Many things in life can best be represented as trees. Indeed, life itself is a tree of various life forms. We have the animal and plant kingdoms, and these main categories are further sub-divided into phylae, classes, genera. The animal kingdom is divided into invertebrates and vertebrates. The latter include amphibians, reptiles, birds and mammals. Human knowledge is also depicted as a tree.

A lot of other things are trees. Hence, philosophers, mathematicins and computer scientists have put quite an effort into the modelling stuff as trees. Within library & information science we have used the term classification systems for centuries, I suppose, and more recently we have started to talk about ontologies and knowledge organization. There are a lot of theory and a plethora of standards in this area. Systems like topic maps (see also and more recently Simple Knowledge Organization System SKOS) are available for those who need a standard for knowledge organization.

On a very down to earth level, I tend to think of controlled vocabularies as filters and navigators. The latter are trees and may contain many terms arranged into a tree of arbitrary depth. The filters are lists of controlled terms, which may be whereabout in the tree we are. Think of Yahoo Directory. You can browse into Tuscany and get a very long list of resources. Then there is a menu at the top where you can choose between "Business and Shopping", "Entertainment and Arts", "Recreation and Sports", "Travel and Transportation" and so forth. These are broader categorizations that apply to Firenze as well as Siena or New York city or any place you may want to visit. We in the Web business call them filters or facets.

Recognizing and recalling

From a user perspective, you have to take into account that there are two cognitive processes involved when using services which like Yahoo Directory employ navigators and filters. The first process is more fundamental, and is by nurture and possibly nature a part of the human mind: This is to say: Ah Tuscany, that is a part of Italy, isn't it. It's like distinguishing between a wasp and a bumble bee. On an evolutionary time-scale we've benefitted from being able to say, this is edible this is not, or this one has a sting and is likely to use it. This is to recognize something when you see it.

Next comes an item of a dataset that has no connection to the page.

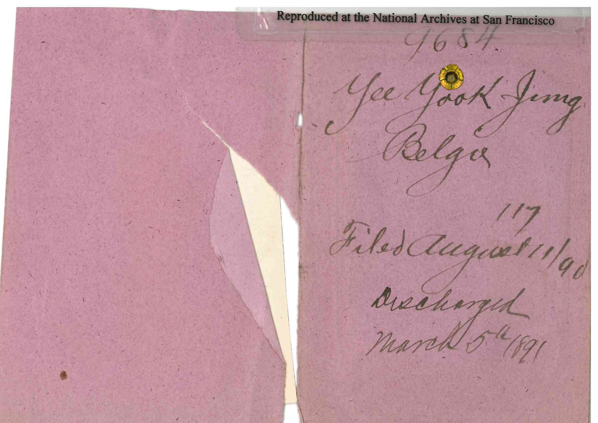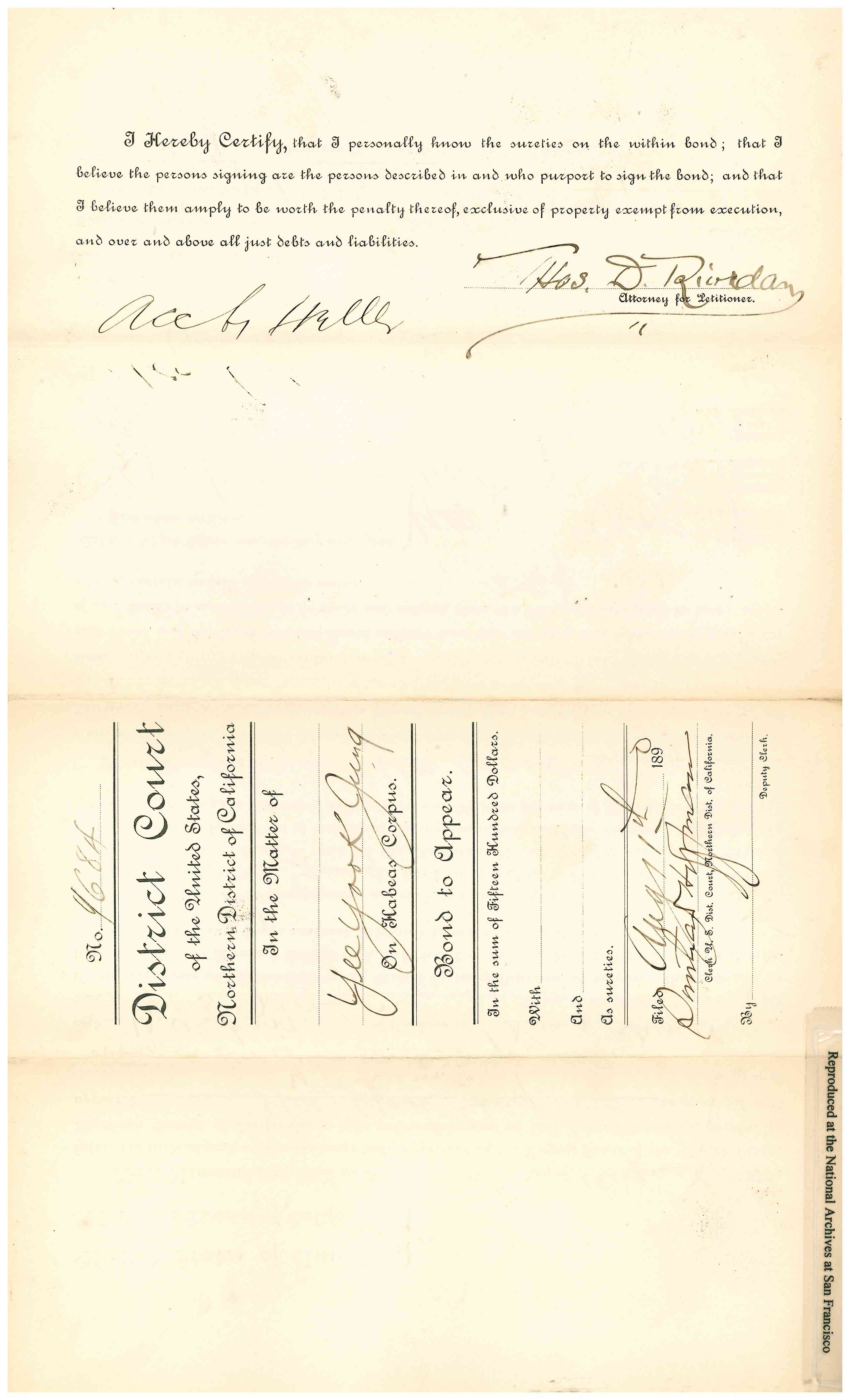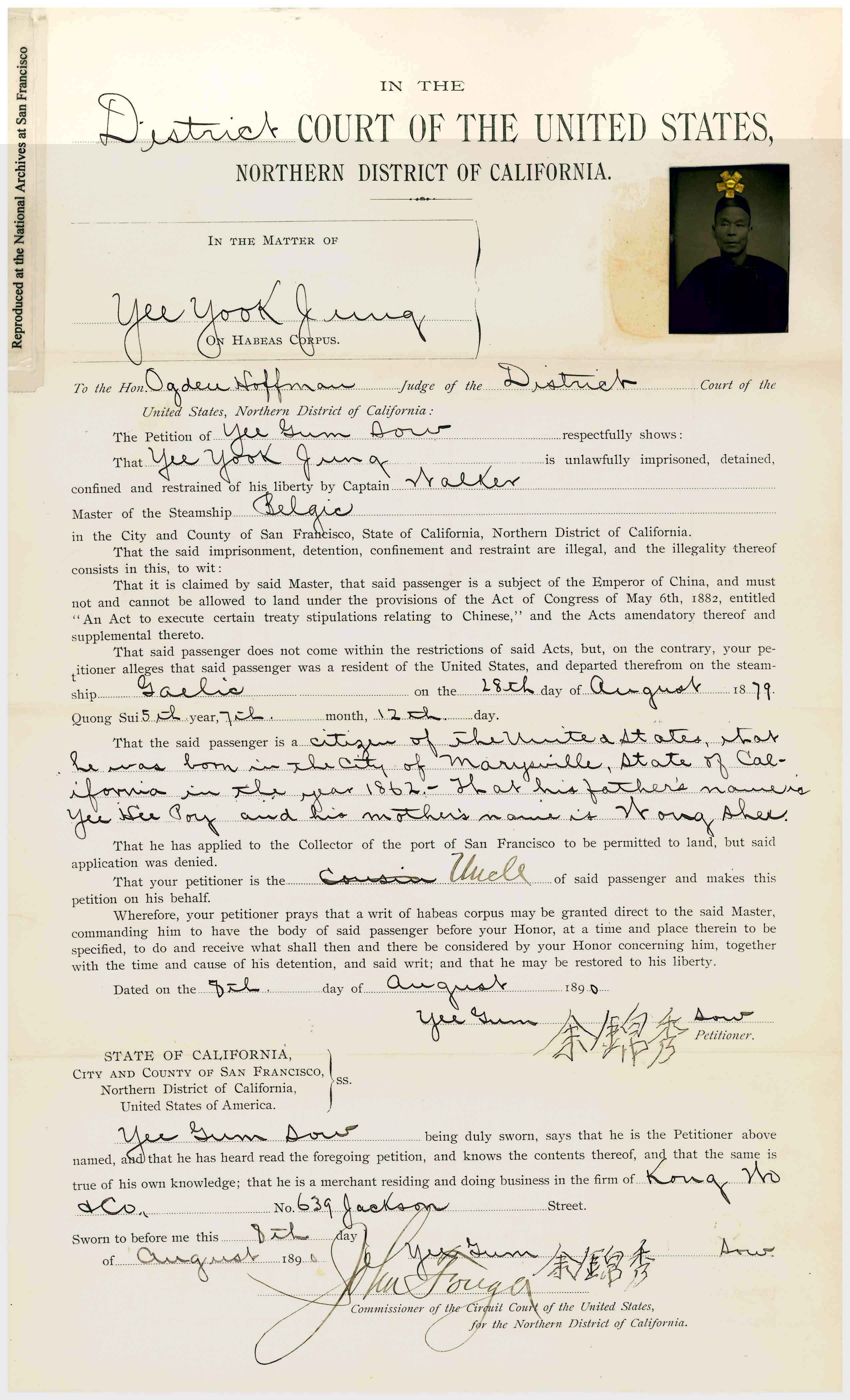 Gaelic. He returned on the steamship Belgic, and arrived in San Francisco on July 31, 1890. The Collector of the Port of San Francisco refused permission for his landing. Yee Gum Sow petitioned for a Writ of Habeas Corpus on August 8, 1890. A bond was posted. S. C. Houghton, Commissoner recommended Discharge on March 5, 1891. Detainee was represented by Thomas

The opposite is a much more difficult cognitive process: I want to know something about Tuscany: Ok, I then start by clicking on Italy. You have to connect Italy with Tuscany, not only recognize the word Tuscany when you see it. This makes it more difficult to find Tuscany given Italy than Italy given Tuscany (in Yahoo it's in the bread crumb path). Remembering might not be trivial. To know in advance things like "frogs are amphibians" and that "diabetes is an endocrinological disorder". On the other hand, to perform successful searching in Google is even more demanding, in spite of google suggest and spell checking tools that have improved the search comfort for many users.

Ordered Hierarchies of Content Objects

There are structures that are inside a resource, and that require navigation as well. As a first approximation we can assume that all digital resources, such as electronic books, are trees as well. In the theory of text this model is called OHCO (ordered hierarchy of content objects). That view has been questioned, and it is for instance claimed that any ordinary text consists of many, overlapping hierarchies. I just love overlapping hierarchies. They are great fun.

Anyway, if you search the scientific literature on the theory of text, you'll find everything you want to know about post-structuralistic deconstruction of the OHCO model. Theoretically, I can understand the problems. But for me they are purely academical.

If you instead search Google books for some real content, nightingale lark balcony you'll find Romeo & Juliet in her bed room. Scene V in Act III of Romeo and Juliet, on page 189, 160 and a lot of other page numbers, dependent on which edition. In the world according to me, you may have a lot of hierarchies and they may overlap, and OHCO may be false. But if you want to be able to address content in a more clever way than the one chosen by Google books, then you cannot do without a content model that looks like, well, very much like a tree.